**WHAT IS EXPECTED**:
Take the entries below and write them out exactly, with each picture removed.

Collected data
[Start of Attachment]

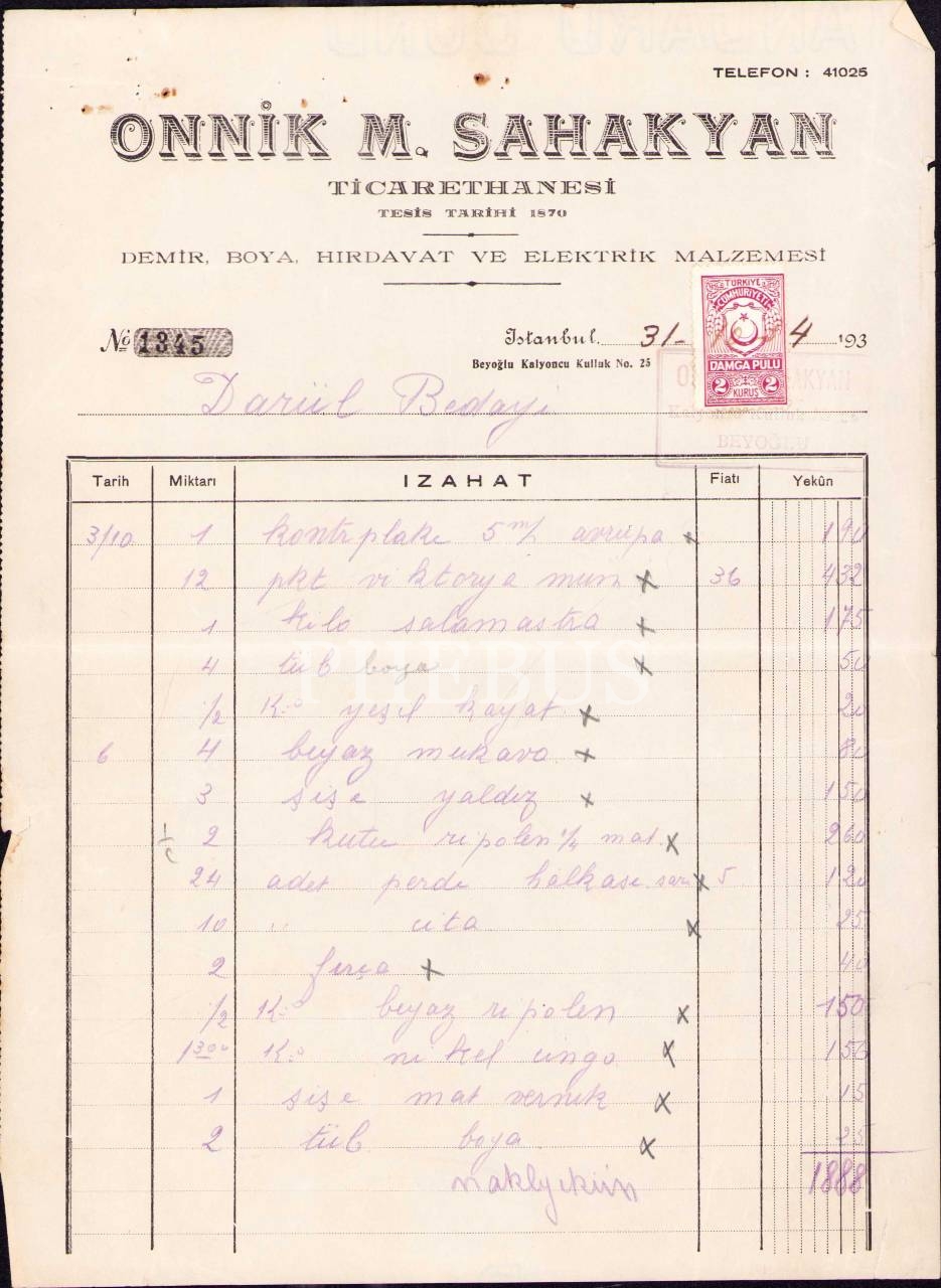 Hırdavat ve elektrik ticarethanesi Onnik M. Sahakyan´dan Darülbedayi adına kesilmiş 1934 tarihli fatura, 21x29 cm
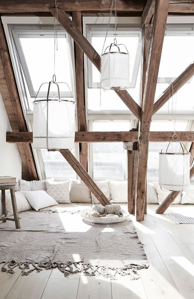 Para criar uma sala confortável no sótão, você precisa primeiro refiná-la: cubra o chão, pinte ou cole sobre as paredes, faça algo com o teto.
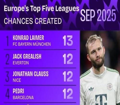 五大联赛9月创造机会榜:莱默尔第1,格10、佩德里紧随其后
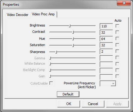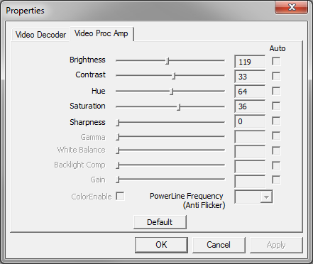 The Proc Amp settings are stored in the registry, but can't actually be set by it. The settings on the Capture filter page somehow overwrite the reg values as soon as you start a capture graph again.Code:Windows Registry Editor Version 5.00 ; remember that dwords are hex, not decimal ; exact registry location will differ by hardware install [HKEY_LOCAL_MACHINE\SYSTEM\CurrentControlSet\Control\Class\{4D36E96C-E325-11CE-BFC1-08002BE10318}\0009\settings\DecoderProperties] "VCRMask"=dword:00000000 ; # of lines masked out [equal top and bottom] "MaskColor"=dword:00000000 ; 0=Gray, 1=Black [HKEY_LOCAL_MACHINE\SYSTEM\CurrentControlSet\Control\Class\{4D36E96C-E325-11CE-BFC1-08002BE10318}\0009\settings\OEMSettings] "AC97VolumeLN"=dword:00000040 ; Line IN AC97 source balance adjustments - valid range 0..127 [Default 64, but 127 seems to actually lower volume] ; there are a bunch of other settings here that do nothing, including entire blocks copied from eMPIA's webcam drivers
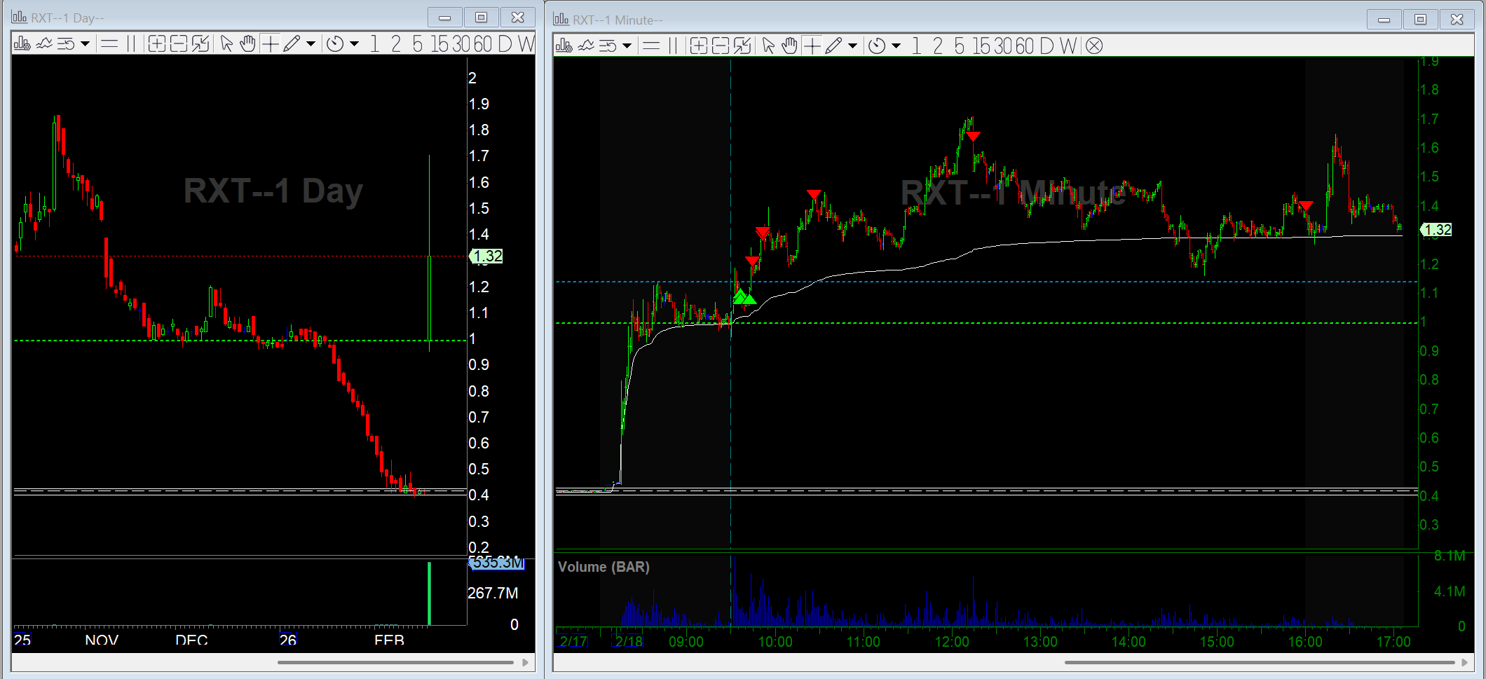 RXT was gapping on positive Palantir-related news with strong premarket volume. It also has a high institutional ownership (70%), plenty of cash, and no dilution. Long bias.
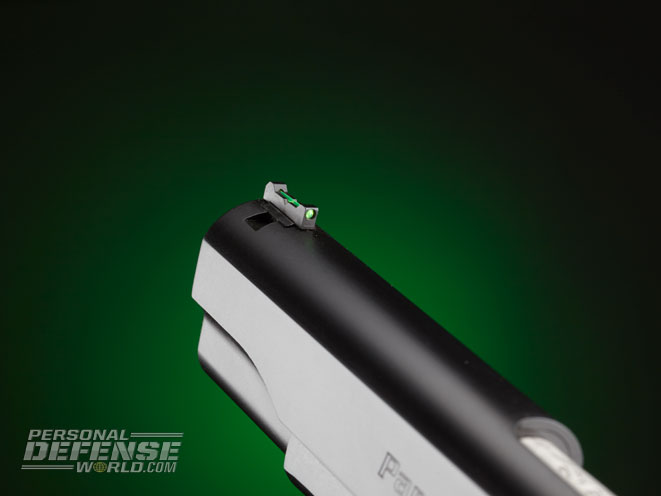 The Expert’s slide features a lowered and flared ejection port. This allows empties to exit the gun unimpeded, and since most competitors are also reloaders, it also ensures that the empty cases are not damaged or dented as they exit the gun. A standard internal, or original style, extractor is fit to the Expert, and the frame uses an extended ejector. The front sight is dovetailed in place and has a fluorescent green optic rod. In sunlight, these types of sights glow bright and help the shooter pick up the front sight. Its rear sight is also dovetailed into the slide and is drift adjustable for windage. Para cuts the rear sight notch wide and square so there is plenty of daylight on both sides of the front sight for quick alignment.
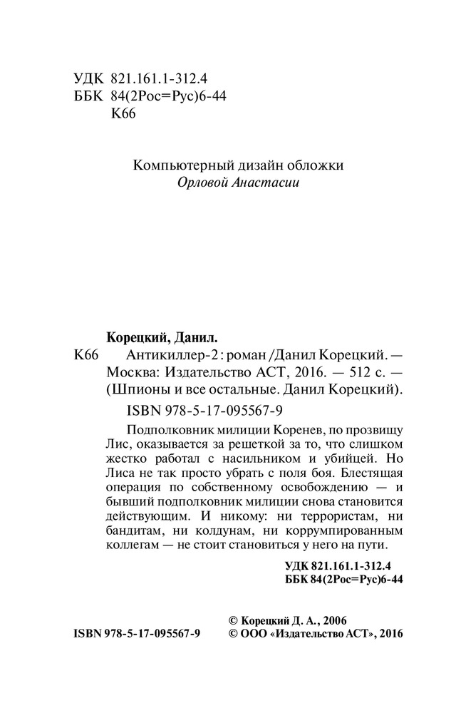 В данный момент этот товар отсутствует в продаже. Возможно, у нас найдется аналогичный или похожий товар здесь. Серия: Шпионы и все остальные. Данил Корецкий Подполковник милиции Коренев, по прозвищу Лис, оказывается за решеткой за то, что слишком жестко работал с насильником и убийцей. Но Лиса не так просто убрать с поля боя. Блестящая операция по собственному освобождению — и бывший подполковник милиции снова становится действующим. И никому: ни террористам, ни бандитам, ни колдунам, ни коррумпированным коллегам — не стоит становиться у него на пути.
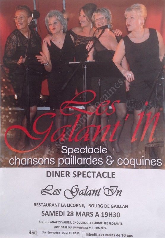 Dîner-spectacle animé par Les Galant'In (groupe musical chansons paillardes et coquines).
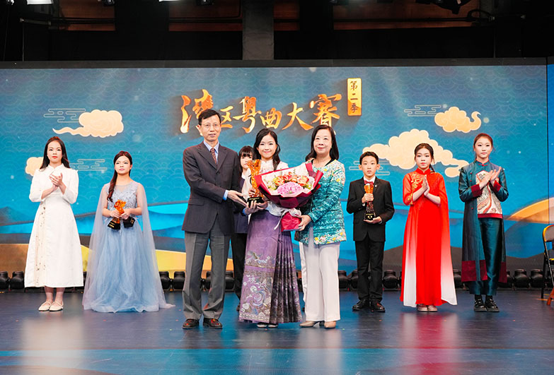 出席頒獎禮的嘉賓,包括中央政府駐澳門聯絡辦公室宣傳文體部副部長殷汝濤,澳廣視執行委員會主席羅崇雯,文化局演藝發展廳廳長郭妙瑜,澳廣視執行委員會委員袁泳貴,中國戲劇曲藝家(澳門)聯誼會會長仇坤儀、副理事李曼瑜,澳門大龍鳳曲藝會會長陳慕蓮,以及澳廣視節目及製作部、傳訊事務部總監何振明,工程及創科技部總監孫浩,節目及製作部副總監楊成。多位本澳及灣區的粵曲名家評審親臨現場,包括中國戲劇梅花獎得主、原廣東省戲劇家協會主席、廣東粵劇促進會會長倪惠英,中國戲劇梅花獎得主、原廣東粵劇院副院長、中國文化部優秀專家曹秀琴,香港演藝學院榮譽博士、香港中文大學音樂系副教授、資深粵劇表演藝術家阮兆輝,香港八和會館現屆理事、香港著名粵劇名伶鄭詠梅,國家二級演員、廣東粵劇蝦腔藝術研究會名譽會長、澳門資深粵劇表演藝術家羅赤峰,為參賽者的演出進行評分及指導;頒獎禮更特邀粵劇名伶曾慧老師,聯同上屆學生組冠軍陸茵與宗樂瑤,演出粵劇經典選段《白龍關•水漫金山》,彰顯粵曲藝術的魅力。
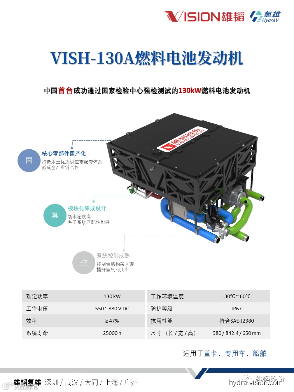 7月21日,雄韬氢雄燃料电池发动机VISH-130A通过国家检验中心强检测试,电堆功率145kW,发动机系统净输出130kW。这是现阶段我国通过权威机构认证的最大功率氢燃料电池发动机。
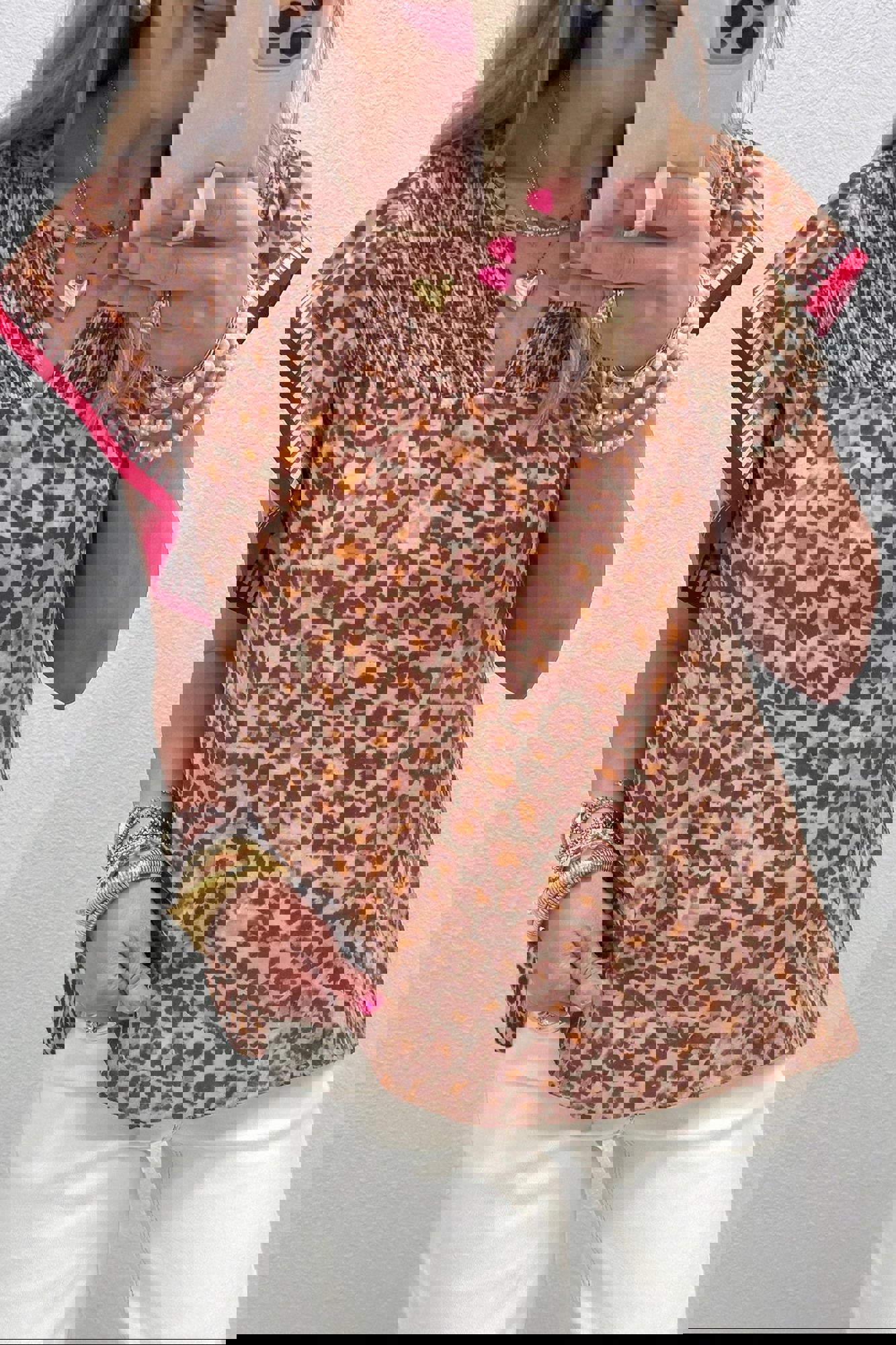 Make a statement with this blouse that effortlessly blends wild style with everyday wearability. The striking contrast trim frames the neckline and cuffs for instant visual pop, while delicate ruffled short sleeves add a flirty, feminine touch. Whether you're dressing it up for a night out or keeping it casual with your favorite jeans, this versatile piece brings that bold, on-trend energy to any outfit. Perfect for anyone ready to unleash their inner fashionista! 100% Viscose

[End of Attachment]

**WRITTEN ANSWER**:
 Hırdavat ve elektrik ticarethanesi Onnik M. Sahakyan´dan Darülbedayi adına kesilmiş 1934 tarihli fatura, 21x29 cm
 Para criar uma sala confortável no sótão, você precisa primeiro refiná-la: cubra o chão, pinte ou cole sobre as paredes, faça algo com o teto.
 五大联赛9月创造机会榜:莱默尔第1,格10、佩德里紧随其后
 The Proc Amp settings are stored in the registry, but can't actually be set by it. The settings on the Capture filter page somehow overwrite the reg values as soon as you start a capture graph again.Code:Windows Registry Editor Version 5.00 ; remember that dwords are hex, not decimal ; exact registry location will differ by hardware install [HKEY_LOCAL_MACHINE\SYSTEM\CurrentControlSet\Control\Class\{4D36E96C-E325-11CE-BFC1-08002BE10318}\0009\settings\DecoderProperties] "VCRMask"=dword:00000000 ; # of lines masked out [equal top and bottom] "MaskColor"=dword:00000000 ; 0=Gray, 1=Black [HKEY_LOCAL_MACHINE\SYSTEM\CurrentControlSet\Control\Class\{4D36E96C-E325-11CE-BFC1-08002BE10318}\0009\settings\OEMSettings] "AC97VolumeLN"=dword:00000040 ; Line IN AC97 source balance adjustments - valid range 0..127 [Default 64, but 127 seems to actually lower volume] ; there are a bunch of other settings here that do nothing, including entire blocks copied from eMPIA's webcam drivers
 RXT was gapping on positive Palantir-related news with strong premarket volume. It also has a high institutional ownership (70%), plenty of cash, and no dilution. Long bias.
 The Expert’s slide features a lowered and flared ejection port. This allows empties to exit the gun unimpeded, and since most competitors are also reloaders, it also ensures that the empty cases are not damaged or dented as they exit the gun. A standard internal, or original style, extractor is fit to the Expert, and the frame uses an extended ejector. The front sight is dovetailed in place and has a fluorescent green optic rod. In sunlight, these types of sights glow bright and help the shooter pick up the front sight. Its rear sight is also dovetailed into the slide and is drift adjustable for windage. Para cuts the rear sight notch wide and square so there is plenty of daylight on both sides of the front sight for quick alignment.
 В данный момент этот товар отсутствует в продаже. Возможно, у нас найдется аналогичный или похожий товар здесь. Серия: Шпионы и все остальные. Данил Корецкий Подполковник милиции Коренев, по прозвищу Лис, оказывается за решеткой за то, что слишком жестко работал с насильником и убийцей. Но Лиса не так просто убрать с поля боя. Блестящая операция по собственному освобождению — и бывший подполковник милиции снова становится действующим. И никому: ни террористам, ни бандитам, ни колдунам, ни коррумпированным коллегам — не стоит становиться у него на пути.
 Dîner-spectacle animé par Les Galant'In (groupe musical chansons paillardes et coquines).
 出席頒獎禮的嘉賓,包括中央政府駐澳門聯絡辦公室宣傳文體部副部長殷汝濤,澳廣視執行委員會主席羅崇雯,文化局演藝發展廳廳長郭妙瑜,澳廣視執行委員會委員袁泳貴,中國戲劇曲藝家(澳門)聯誼會會長仇坤儀、副理事李曼瑜,澳門大龍鳳曲藝會會長陳慕蓮,以及澳廣視節目及製作部、傳訊事務部總監何振明,工程及創科技部總監孫浩,節目及製作部副總監楊成。多位本澳及灣區的粵曲名家評審親臨現場,包括中國戲劇梅花獎得主、原廣東省戲劇家協會主席、廣東粵劇促進會會長倪惠英,中國戲劇梅花獎得主、原廣東粵劇院副院長、中國文化部優秀專家曹秀琴,香港演藝學院榮譽博士、香港中文大學音樂系副教授、資深粵劇表演藝術家阮兆輝,香港八和會館現屆理事、香港著名粵劇名伶鄭詠梅,國家二級演員、廣東粵劇蝦腔藝術研究會名譽會長、澳門資深粵劇表演藝術家羅赤峰,為參賽者的演出進行評分及指導;頒獎禮更特邀粵劇名伶曾慧老師,聯同上屆學生組冠軍陸茵與宗樂瑤,演出粵劇經典選段《白龍關•水漫金山》,彰顯粵曲藝術的魅力。
 7月21日,雄韬氢雄燃料电池发动机VISH-130A通过国家检验中心强检测试,电堆功率145kW,发动机系统净输出130kW。这是现阶段我国通过权威机构认证的最大功率氢燃料电池发动机。
 Make a statement with this blouse that effortlessly blends wild style with everyday wearability. The striking contrast trim frames the neckline and cuffs for instant visual pop, while delicate ruffled short sleeves add a flirty, feminine touch. Whether you're dressing it up for a night out or keeping it casual with your favorite jeans, this versatile piece brings that bold, on-trend energy to any outfit. Perfect for anyone ready to unleash their inner fashionista! 100% Viscose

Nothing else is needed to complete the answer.